I’d Love To Turn You On At The Movies #192 - A Serious Man (2009, dir. Joel & Ethan Coen)

          Joel and Ethan Coen have been my favorite filmmakers for almost my entire life, whether I knew it or not. I’m pretty sure that I had watched 1987’s Raising Arizona around fifty times when I was a kid, before I had any interest in who created it. Later, I became obsessed with their nineties films. Fargo, which came out when I was in high school, was a real stepping stone for me as it was probably the reason for my interest in the deeper aspects of filmmaking and for my eventual foray into film as an academic pursuit. And, as cliché as it may be for a male of my age, 1998’s The Big Lebowski is one of my all-time favorite films, if not my all-time favorite. My point is, the Coens have been with me for the better part of my life, seemingly putting out a new film for every phase I’ve gone through. I’ve studied them closely over the years and almost consider them friends that I grew up with. And for this reason alone, I feel qualified to talk about their work.
            Writing about A Serious Man technically breaks the rules of this blog as it’s just under 10 years old. But of all the brothers’ works, I wanted to write about this film the most because it’s not only possibly the most overlooked film in the Coens’ oeuvre, it’s also a film whose subject matter I simultaneously relate to yet know very little about. More on that later. A Serious Man revolves around a Jewish family living in a small Minnesota suburb in 1967, all details that pertain directly to the Coens’ upbringing. So while not strictly autobiographical, these are characters and surroundings that are familiar to the brothers. The always phenomenal Michael Stuhlbarg plays the film’s protagonist Larry Gopnik, a college physics professor whose life begins unraveling when his wife announces she is leaving him for his best friend. This forces him to take a closer look at his life and notice the flaws that he hadn’t previously seen. His son is acting out in Hebrew School, his daughter steals money from him all the time, his unemployed brother-in-law is leeching off of him and he is being simultaneously bribed and blackmailed by one of his students for a more satisfactory grade. When everything goes wrong for Larry, he seeks the guidance of three rabbis to help him get through his crisis and gain a better understanding of his place in the world. The rabbis unfortunately are no help to him, as one lacks the life experience to relate to Larry’s problems, one just offers irrelevant parables that confuse more than they teach and the last one refuses to even see Larry. He begins questioning his faith and wondering whether God is testing him.

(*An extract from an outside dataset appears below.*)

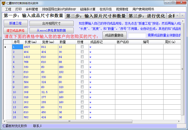 并且系统要求输入原片的数量,在优化过程中,如果该原片的数量使用完,系统就不会再用该原片进行优化.

            I think part of what makes this film such an underappreciated part of the Coens’ filmography is that, coming out on the heels of Best Picture winner No Country for Old Men just two years prior, A Serious Man is more of a labor of love than their usual undertaking. While the film’s dark humor is pure Coens, it seems like it could be a story that the brothers have had kicking around for years, perhaps dating back to their own days as young Jewish Midwesterners. The cast is made up of largely unknown actors, relatively speaking, and even the way it’s shot seems different than that of their usual cinematography, almost more like a thriller than a comedy. While these facts may deter some from seeing the movie, opting for one of the Coens’ more critically acclaimed titles instead, I think these are reasons to see the film, reasons that A Serious Man might be one of their best. It’s the film that most mirrors what their own lives may have been like, which is fascinating in and of itself. But it also seems like a film they’ve always wanted to create and show the world, and perhaps winning the Best Picture Oscar finally afforded them the creative freedom to do it.
            As I said, I really wanted to write about this film because even though I am not Jewish and do not identify with really any religious customs, I understand reaching crisis mode. As I approach forty next month and have recently gone through a break-up of my own, I’ve done a lot of reflecting recently myself. I do know what it feels like to question whether the universe is testing you or punishing you and the Coens’ have eloquently written this feeling into the character of Larry Gopnik. Larry is just an average guy, trying to be “a serious man” while the world continuously shits on him. Yet he takes it all in stride because of his faith. A Serious Man is also a story about when those limits are tested and where the breaking point is in each person. One doesn’t have to be religious to identify with that.